The Buddha & His World
January 28, 2014
There are many definitions of consciousness. On a general, superficial view, it is awareness of one's own existence, sensations, thoughts and surroundings. It is the mind or the mental faculties as characterized by thought, feelings and volition. However, a deeper investigation into the question of consciousness reveals much more complicated and mind twisting theories. Modern science has yet to attain a proper methodology to investigate the phenomenon of consciousness. In philosophy, however, the idea of consciousness has been delved into greatly. The Dalai Lama states that the experience of consciousness is completely subjective, which is probably why there are so many theories on the matter. "At one extreme was the standpoint of behaviorism, which attempted to define consciousness in terms of the language of external behavior, thus reducing mental phenomena to verbal and bodily action. At the other extreme was what is known as Cartesian dualism, the idea that the world comprises two independent, substantially real things - matter, which is characterized by qualities such as extension, and mind, which is defined in terms of an immaterial substance, such as the 'spirit'."

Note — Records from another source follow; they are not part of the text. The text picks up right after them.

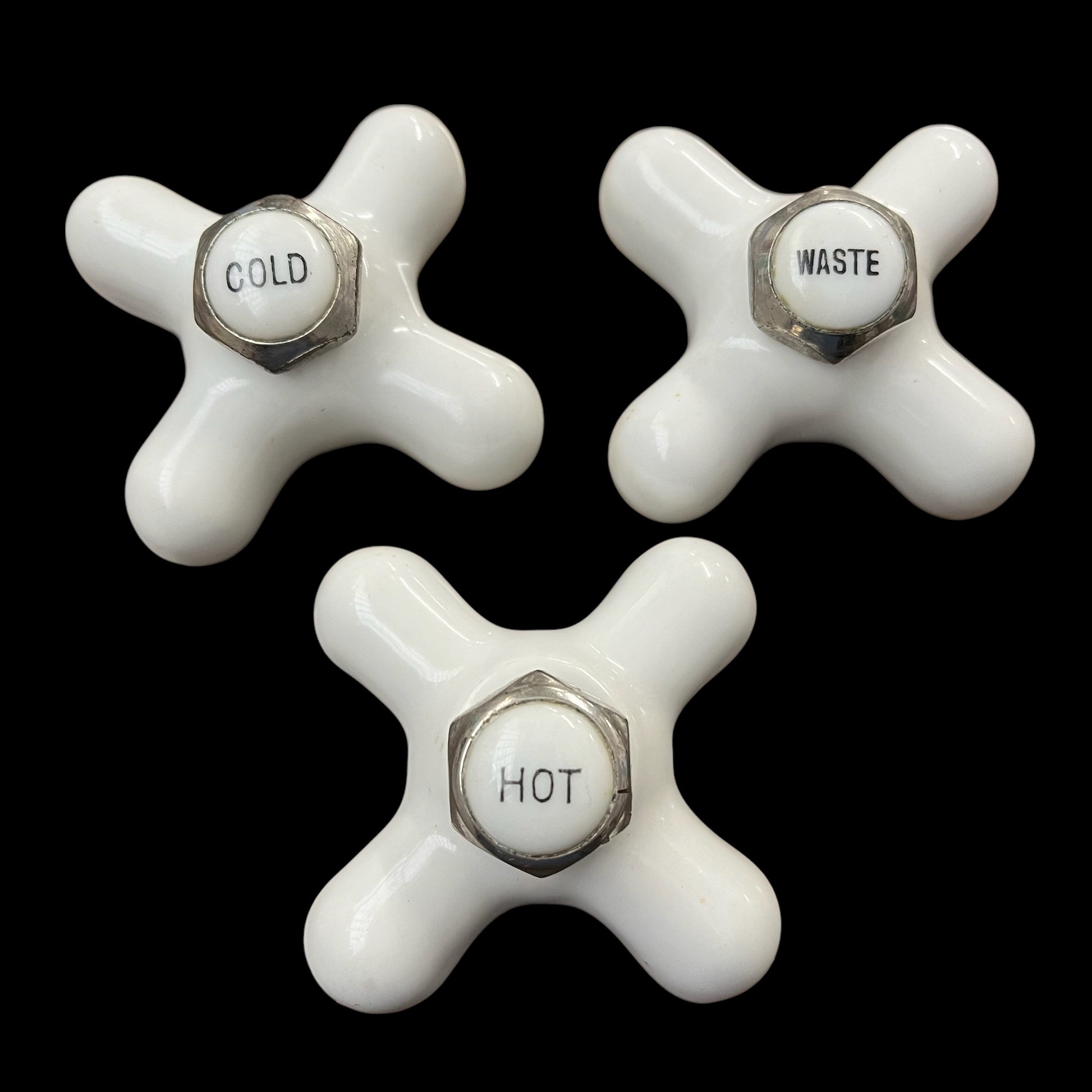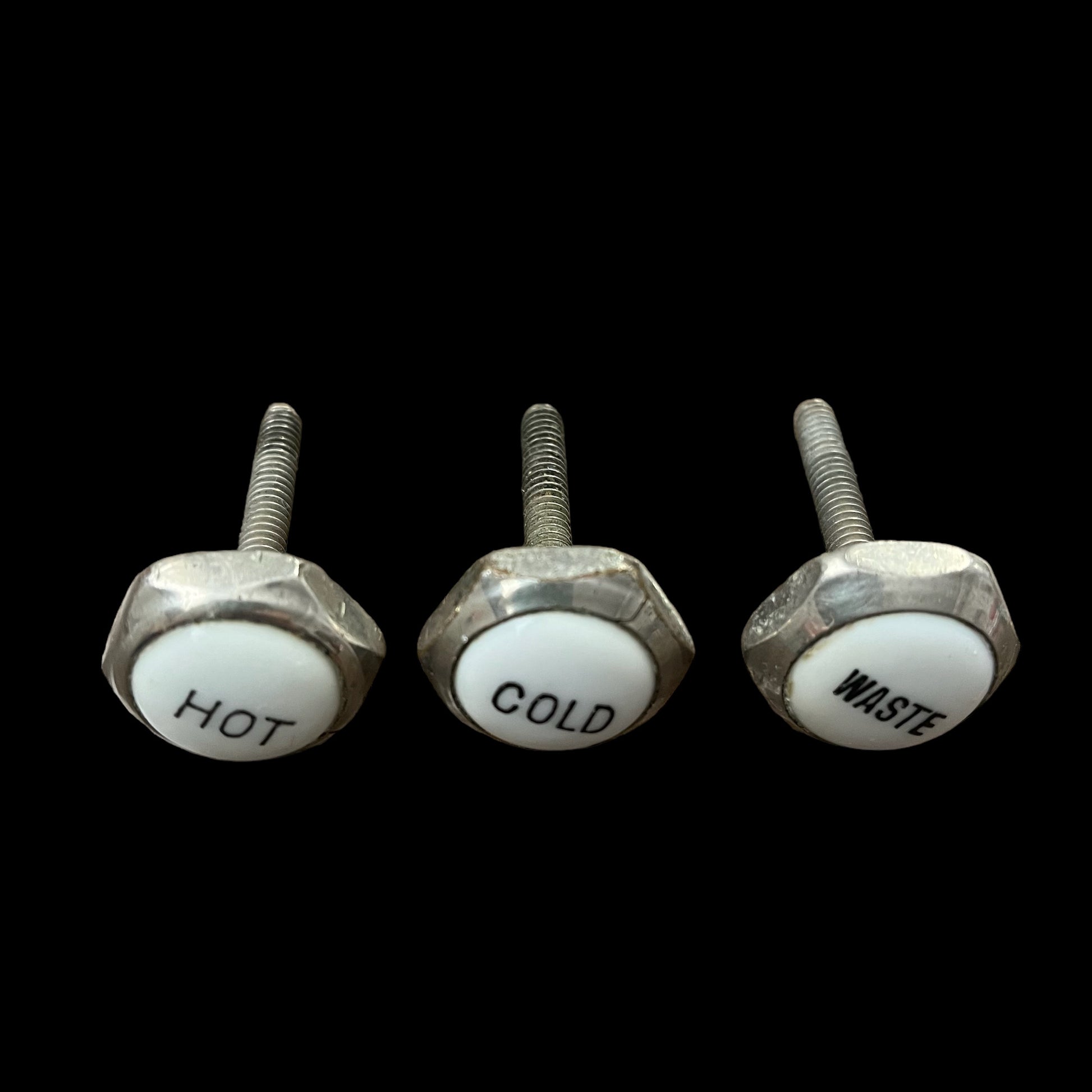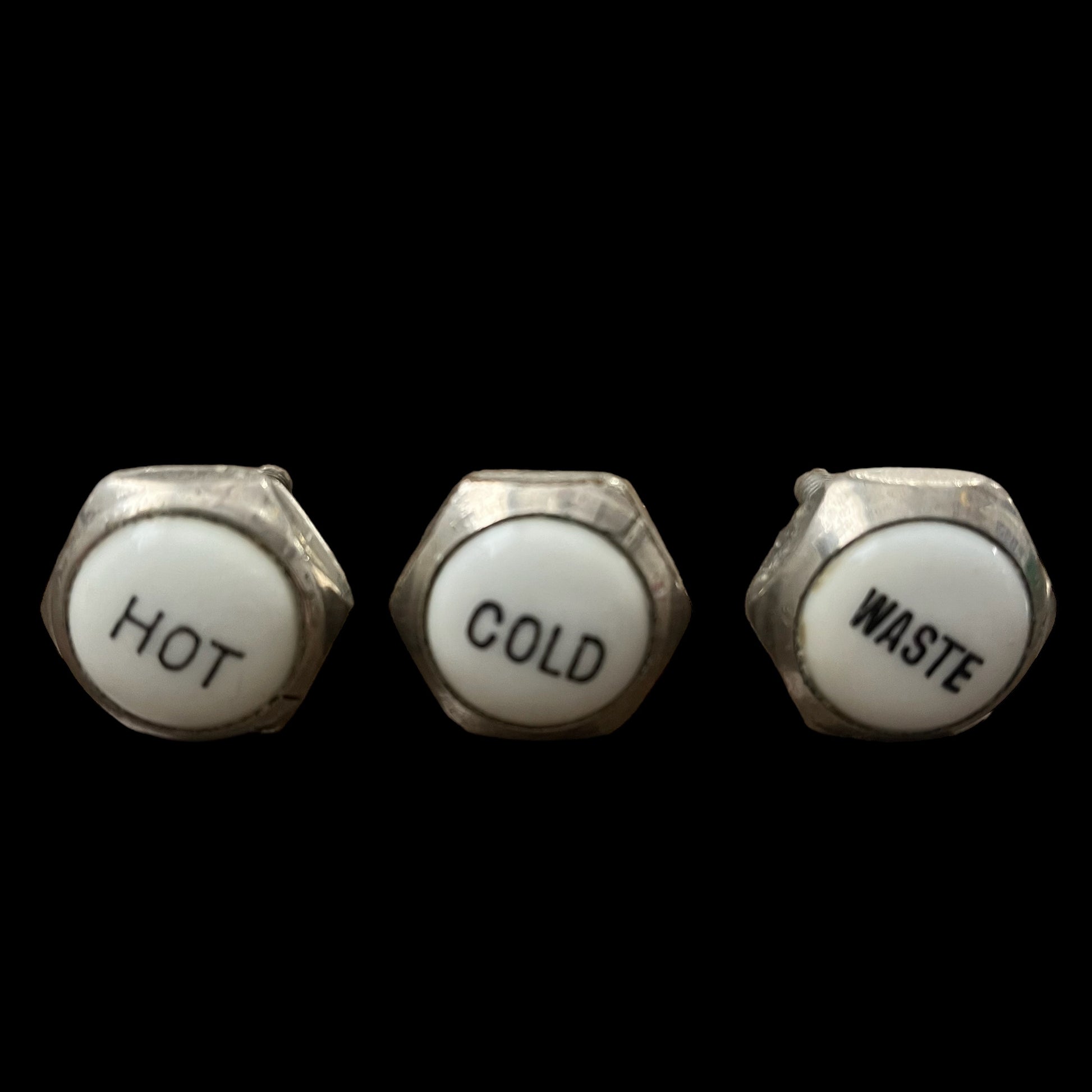 Antique White Porcelain HOT, COLD, WASTE Faucet Knobs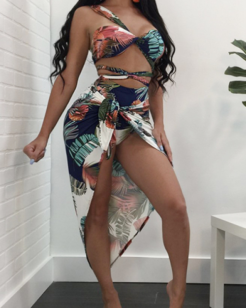 Sexy Printed Hollow-out White Milk Fiber Two-piece Swimwear(With Scarf)
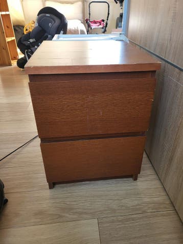 Gebruikt malm nachtkastje dat een beetje liefde kan gebruiken. Ideaal voor de handige klusser die het een tweede leven wil geven. Het nachtkastje heeft gebruikssporen en kan een opknapbeurt gebruiken,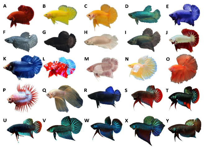 (本研究中所利用到的暹罗斗鱼品种图示)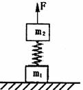 15.(8分)如图所示,质量为m1的物体放置在水平面上,用劲度系数为k的轻弹簧把m1和m2连接,现用竖直向上的力F缓慢提起m2,当m1与水平面间的作用力为零时,撤去拉力F,求从撤去F到m2速度达最大的过程中,m2通过的位移。
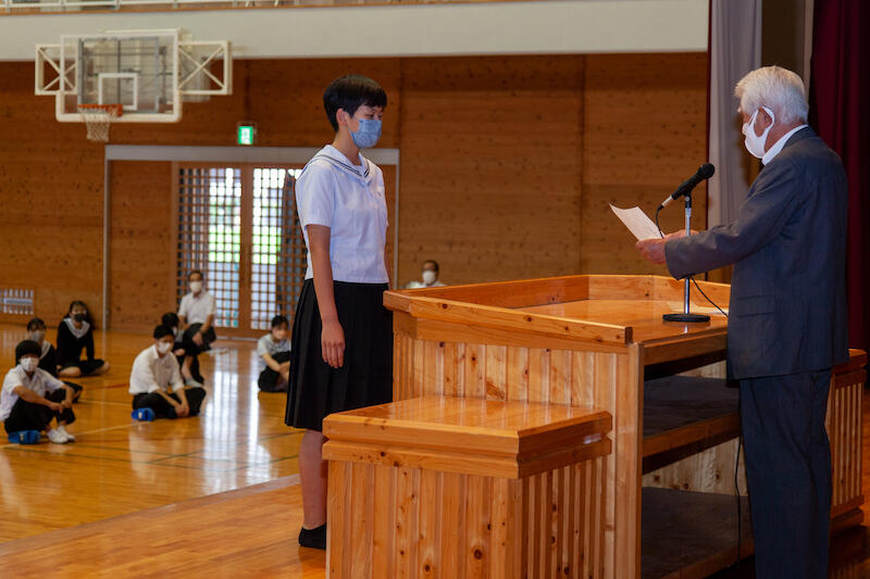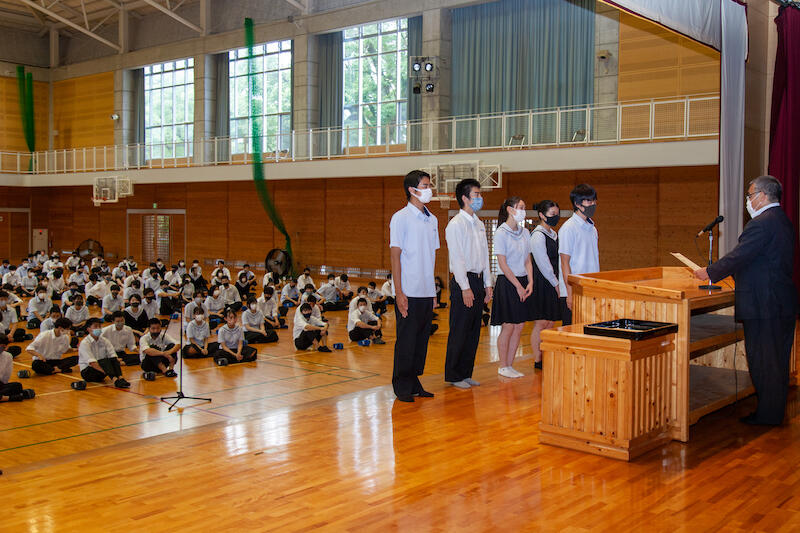まずは立候補してくれた4名の生徒の勇気と行動力に対し心から敬意を表するとともに、心から感謝したいと思います。どの候補者もしっかり立候補した理由や学校の課題、当選したらやりたいと思っていることなどを堂々と発表してくれました。また、体育館の中は蒸し暑い状況ではありましたが、立候補者や応援者の演説を聞く態度の素晴らしさにも感心し、うれしく思いました。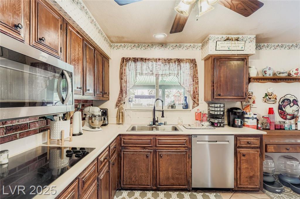Welcome home to a truly unique custom home with all of the amenities on almost a half acre of land! Built in BBQ, glass enclosed pool, huge front and backyard with grass and all appliances included in the sale. Custom built ins in two bedrooms and lots of room for your buyers own touches to update and make it their own! Septic tank, leased solar panels and storage shed to convey.

(120) In between those two poles, there is a multitude of diverse theories that have been proposed, by which most are understood by means of aspects of the material world. The direct observation of consciousness seeks answers to questions such as what its characteristics and functions are. Does it exist only when we are awake? Are all living organisms a part of this phenomena? Does it require something to be conscious of? Etc. The subjectivity of the idea of consciousness leaves the door open to multiple answers for such questions.
The Buddha regarded consciousness as being the central pillar of determining the human course of happiness...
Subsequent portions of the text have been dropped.